Apologies for not being clear in my OP. The PDF is a digital-native image produced from a text document, but without embedded or searchable text. Looking at the PDF in full resolution, there are not artifacts, blurry characters, or any alignment or uneven scale issues that are troublesome when attempt to OCR a scan or photograph. It looks exactly like a Word document, but without selectable or editable text.

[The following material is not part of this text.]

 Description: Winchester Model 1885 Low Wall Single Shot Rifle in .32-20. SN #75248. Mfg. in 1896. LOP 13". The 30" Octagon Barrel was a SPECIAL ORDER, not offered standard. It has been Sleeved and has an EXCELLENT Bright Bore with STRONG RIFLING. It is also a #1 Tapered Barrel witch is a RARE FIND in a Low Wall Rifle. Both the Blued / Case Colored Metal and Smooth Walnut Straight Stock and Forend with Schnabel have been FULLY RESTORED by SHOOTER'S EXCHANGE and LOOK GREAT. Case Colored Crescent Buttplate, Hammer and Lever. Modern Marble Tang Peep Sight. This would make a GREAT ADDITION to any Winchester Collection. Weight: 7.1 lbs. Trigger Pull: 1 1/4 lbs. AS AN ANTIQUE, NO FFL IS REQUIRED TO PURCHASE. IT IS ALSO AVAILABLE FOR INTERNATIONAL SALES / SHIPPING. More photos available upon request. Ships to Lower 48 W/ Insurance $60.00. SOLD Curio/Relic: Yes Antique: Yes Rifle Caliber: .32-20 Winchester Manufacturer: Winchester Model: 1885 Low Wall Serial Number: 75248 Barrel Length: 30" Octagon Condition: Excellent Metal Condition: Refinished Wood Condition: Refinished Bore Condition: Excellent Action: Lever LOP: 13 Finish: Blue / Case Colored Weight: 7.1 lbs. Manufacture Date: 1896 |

dreamcompiler · on Oct 14, 2016

There are a couple of ways a PDF document could contain actual text that is nevertheless not selectable or searchable. One is that the originator could have protected the document; another (more common) cause is that the originator didn't embed the proper font maps when exporting the document. I see the latter a lot with documents produced from LaTeX originals. As the parent mentioned, pdftotext can often extract text from such documents without the need for OCR. (Although sometimes if the document contains ligatures those don't get converted.)

emmelaich · on Oct 13, 2016

@iplaw please clarify -- is the pdf have an image or text?

iplaw · on Oct 13, 2016

Apologies for not being clear in my OP. The PDF is a digital-native image produced from a text document, but without embedded or searchable text. Looking at the PDF in full resolution, there are not artifacts, blurry characters, or any alignment or uneven scale issues that are troublesome when attempt to OCR a scan or photograph. It looks exactly like a Word document, but without selectable or editable text.

ousta · on Oct 12, 2016

it dosnt make sense to use ocr for this. libraries such as aspose will do much better

iplaw · on Oct 13, 2016

Apologies for not being clear in my OP. The PDF is a digital-native image produced from a text document, but without embedded or searchable text. Looking at the PDF in full resolution, there are not artifacts, blurry characters, or any alignment or uneven scale issues that are troublesome when attempt to OCR a scan or photograph. It looks exactly like a Word document, but without selectable or editable text.

So, I do have to use OCR, right?

niutech · on Oct 17, 2016

Maybe not. The PDF probably has an embedded text (so it doesn't blur when zomming in) but it could be either cinverted into vector curves or protected from copying (see properties). The easiest way is to change the PDF export settings in Word/Ghostscript/Distiller.